During its exhilarating convention, the Democratic Party rebranded itself. It was impossible to miss the sea of American flags, which everyone periodically waved in unison, or the loud chants of “USA! USA!”

It was impossible to miss the frequent paeans to FREEDOM and the signs in the audience emblazoned with the word FREEDOM.

As the brilliant writer Anand Girihadaras wrote on his blog “The Ink,” Democrats reclaimed five words that had been captured by the Republicans:

Freedom. Patriotism. Family. Masculinity. Normalcy.

Governor Tim Walz was a key figure in exemplifying these words. A guy animated by love of family. A coach. A hunter (who favors common-sense gun control). A member of the National Guard for 24 years. A guy.

Kamala Harris, Walz, and others focused on Freedom: the freedom to make your own healthcare decisions, the freedom that comes from knowing that your child will not be shot dead in school, the freedom to afford a home, the freedom to vote. Walz said, on more than one occasion, that the government should not insert itself into your doctors’ office or your bedroom. He repeatedly invoked what he described as a small-town virtue: “Mind Your Own Damn Business.”

Harris and Walz deliberately snatched those words away from the Republicans and claimed them as their own.

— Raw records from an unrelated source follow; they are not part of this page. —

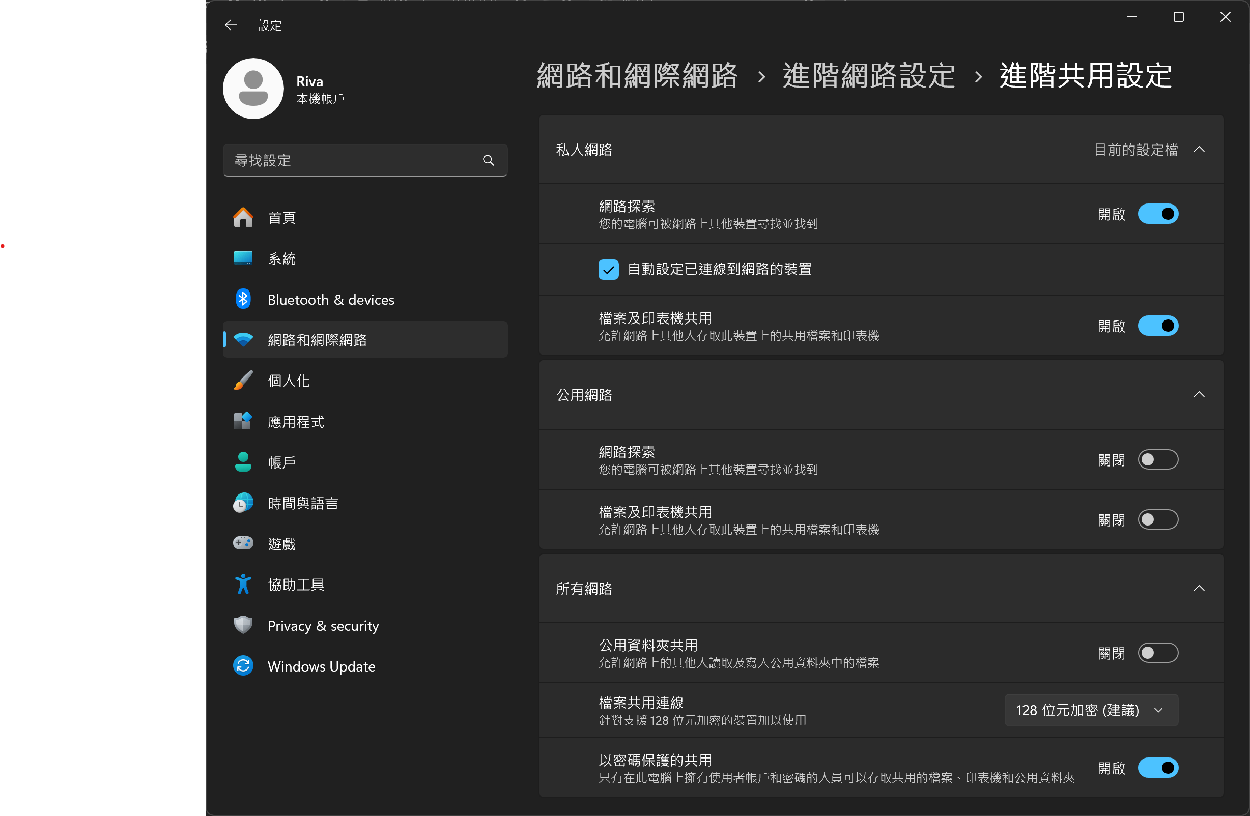 控制台 > 網路和網際網路 > 網路和共用中心 > 變更進階共用設定
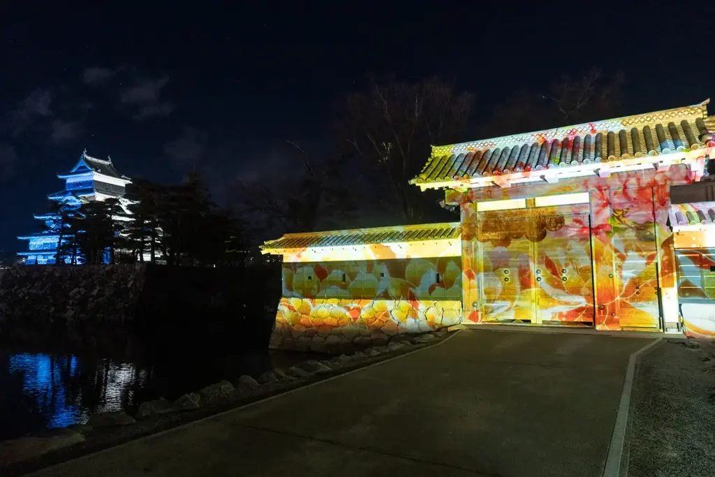 演出内容 松本市立博物館所蔵の錦絵・屏風絵等の映像、松本てまりや提灯、桜や北アルプスの花々を用いた天守・石垣へのプロジェクション、園路インタラクティブ、城門プロジェクション、ライトアップ等
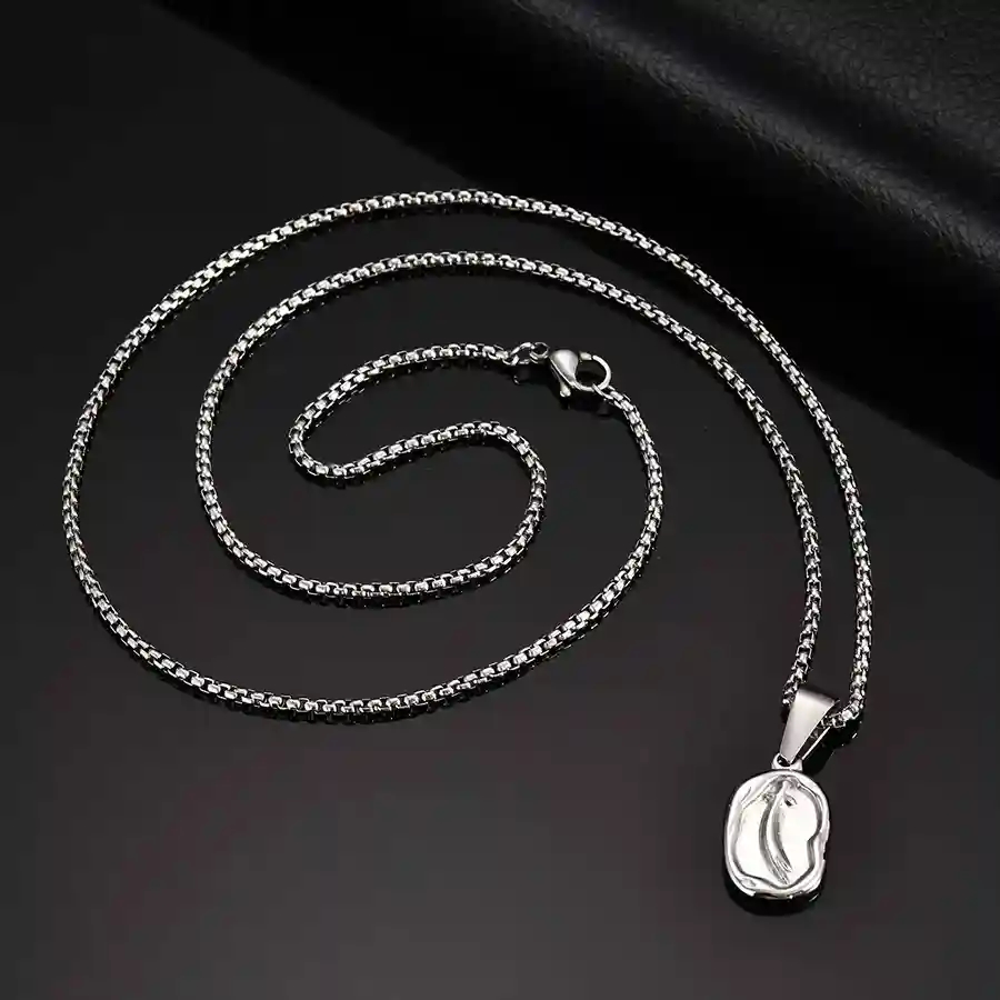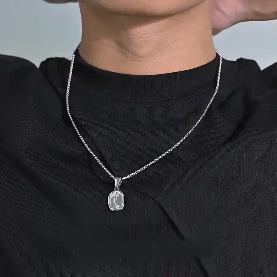 Ein stilvolles und einzigartiges ovales Schmuckstück für Männer aus haltbarem Edelstahl. Das organische Design misst 2,05 × 1,22 cm, und die schlanke Kette wird in 60 cm Länge geliefert. Mit seiner Leichtbauweise von nur 4 g ist dies ein subtiles Statement für jeden Mann, der einen modernen und zeitlosen Look wünscht.

At the same time, they doubled down on criticizing Trump for his affinity for tyrants, like Putin. In their display of dignity and patriotism, they contrasted their party with Trump’s unhinged rants and childish personal insults. They emphasized the importance of telling the truth, as Trump tweeted that the next round of a Trump administration”would be great for women and reproductive rights.”

And they showcased JOY, as they laughed and danced in the aisles. The contrast was especially sharp during the states’ roll call vote: Republicans announced their votes to polite applause; Democrats announced their votes to music and dancing and flashing lights. Harris radiated joy, with her vivacious smile and her celebrated laugh. Trump evoked fear, frightening images of a nation in decline, divisesiveness. Which America do you want to live in?

The Republicans spoke wistfully about turning back the clock to a mythical time when America was “great.” An era of white male supremacy? An era of Christian dominance? The Democrats spoke hopefully about a better future, where everyone has the opportunity to live a decent life. The past or the future. Your choice.

The biggest contrast was the difference in the delegates themselves. The Republicans were, with minor variations, the party of white people. The Democrats overflowed with ethic and racial diversity.

Which party is the past? Which is the future?

Jennifer Rubin, columnist for the Washington Post, was at the convention in Chicago with her colleagues. She made a sage observation. The Democrats have a strong bench of new and young faces. The Republicans do not.

She wrote:

It has become evident during convention week that Democrats are blessed with three groups of leaders. The wise first group — Hillary Clinton, the Obamas, former speaker Nancy Pelosi (Calif.) and now Biden — has guided the party for the past generation, nationally making strides and keeping the Democratic coalition together. The domestic accomplishments they have collectively made would stand up to any other generation’s output. The second group’s time has come: Harris, Gov. Tim Walz (Minn.), Transportation Secretary Pete Buttigieg, Sen. Raphael G. Warnock (Ga.), House Minority Leader Hakeem Jeffries (N.Y.), Gov. Josh Shapiro (Pa.). They are more media savvy than many in the older generation and better able to reach voters who are younger and more diverse. This second group’s challenge will be putting a stake through the MAGA movement and charting a path forward for a sustainable, center-left governing majority. The third, and most interesting, group includes the future stars, two of whom (Reps. Alexandria Ocasio-Cortez (N.Y.) and Jasmine Crockett (Tex.)) lit up the convention on Monday night. Other less flashy but equally compelling figures have the governing chops to win legislative battles and keep the party from straying too far left. These include Rep. Abigail Spanberger (Va.), who is running for governor; Rep. Elissa Slotkin (Mich.), who is running for Senate; Rep. Mikie Sherrill (N.J.); and Rep. Dan Goldman (N.Y.), who distinguished himself by going toe-to-toe with Republicans who ineptly and corruptly tried to investigate the Bidens.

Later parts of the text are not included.